Carole met elle aussi en lien sa propension à court-circuiter son besoin de maîtrise, et ses avancées en terme de « lâcher prise », avec la mise en place de mécanismes de défense par rapport à ses tendances à l’hypervigilance et à l’hypercontrôle ; mais aussi, et peut-être surtout, la plus grande « sérénité » dont elle bénéficie sur ce point aujourd’hui, avec le fait d’être « devenue actrice de [s] a vie », d’être sortie d’une période de « flou » et d’incertitudes, où elle n’avait « pas fait d’études » et n’avait « pas de boulot ».

« Mais c’est fatiguant… ? Non, ça l’est moins parce que maintenant j’ai quand même vraiment lâché

prise par rapport à plein de choses et puis j’ai mis en place de mécanismes de défense par rapport à moi, par rapport à mes… Je me connais (…) Je pense que je suis beaucoup mieux aujourd’hui aussi parce que le cours de ma vie, comment dire, je, je suis devenue actrice de ma vie.
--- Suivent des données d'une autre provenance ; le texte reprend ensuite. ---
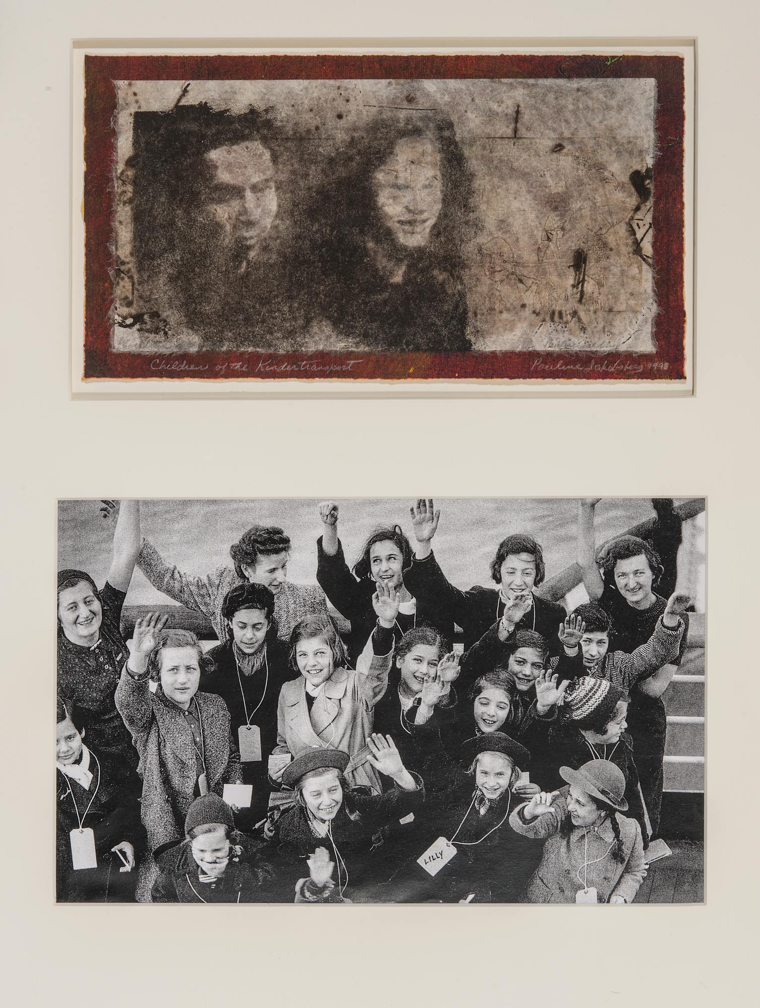 In 1938, England was willing to take Jewish Children up to the age of 16 out of Nazi Germany. This was called Kindertransport. My cousins, Lili, age 11 and Gerd, age 9 were on this ship waving goodbye to their parents who they assumed would follow; but they never did. They were brought up in a foster home. (See Lili in the photo with the tag around her neck.) The silkscreen is from an image of them as older teenagers.
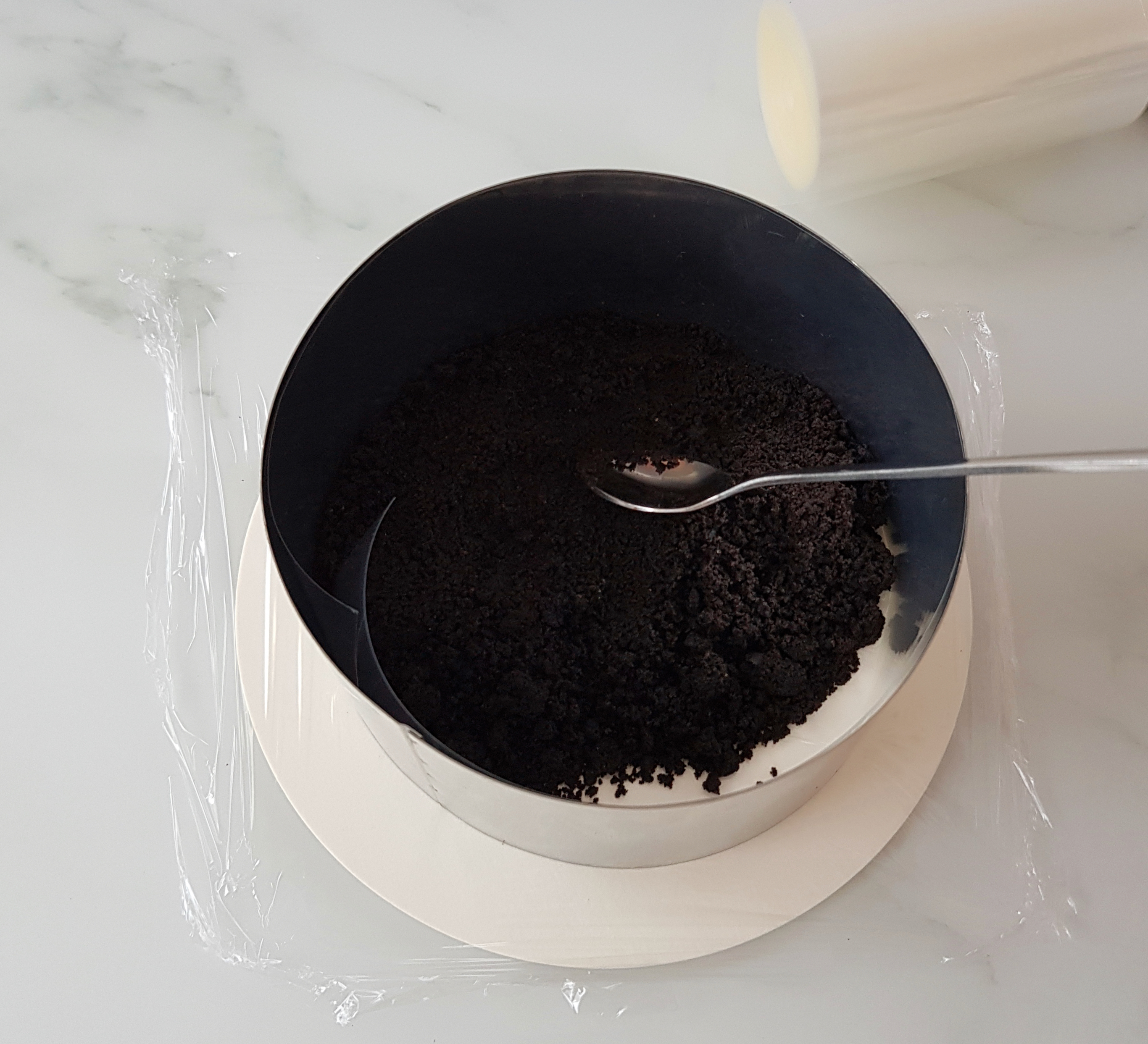 Dicho esto, comenzamos. Para preparar la base vamos a separar el relleno de las galletas y lo reservamos para la crema. Trituramos las galletas en un molinillo. Que no tenemos molinillo? Pues metemos las galletas en una bolsa tipo zip y con un rodillo las machacamos. Derretimos la mantequilla y mezclamos con el polvo de galletas hasta que se forme una especie de arena húmeda. Si vamos a utilizar un molde desmoldable, lo untaremos con mantequilla y colocaremos encima un círculo de papel vegetal y forraremos el contorno interior con una tira de acetato. Si vamos a usar un aro, pondremos film en la base y después colocaremos el aro grande sobre un plato plano o sobre una base para tartas. Echamos la galleta húmeda  y la aplanamos con una cuchara, espátula o incluso con los dedos, de manera que quede lo más uniforme posible. Y llevaremos a la nevera a enfriar y endurecer.

Il y a des périodes, je pense que c’est beaucoup plus flou, quand j’avais pas fait d’études, quand j’avais pas de boulot, c’est quand même là… J’étais très finalement un peu en, en inquiétude, donc ben la famille me rassurait énormément parce qu’au moins, il y avait quelque chose de stable dans ma vie, mais voilà, aujourd’hui, c’est vrai que tout ça, je l’ai un peu mis de côté… Et puis, non, je suis capable de me laisser… Non, ça va, je me laisse surprendre par la vie quoi !… Heureusement parce que sinon, ce serait quand même un peu triste ! (rire) Non, non, non, j’ai vraiment cette idée, je, je suis plus sereine quoi ».

Le « lâcher-prise » vis-à-vis de la volonté de contrôle, la « posture d’accueil » vis-à-vis de la vie, par lesquels les interviewés désignent une tendance à « aller mieux », ne sont donc pas sans rapport, comme on va le voir ci-après de manière plus précise, avec les dynamiques du parcours et de l’expérience sociale ; avec l’activité sociale plus particulièrement, à travers laquelle l’individu se donne les moyens de faire quelque chose de son orphelinage.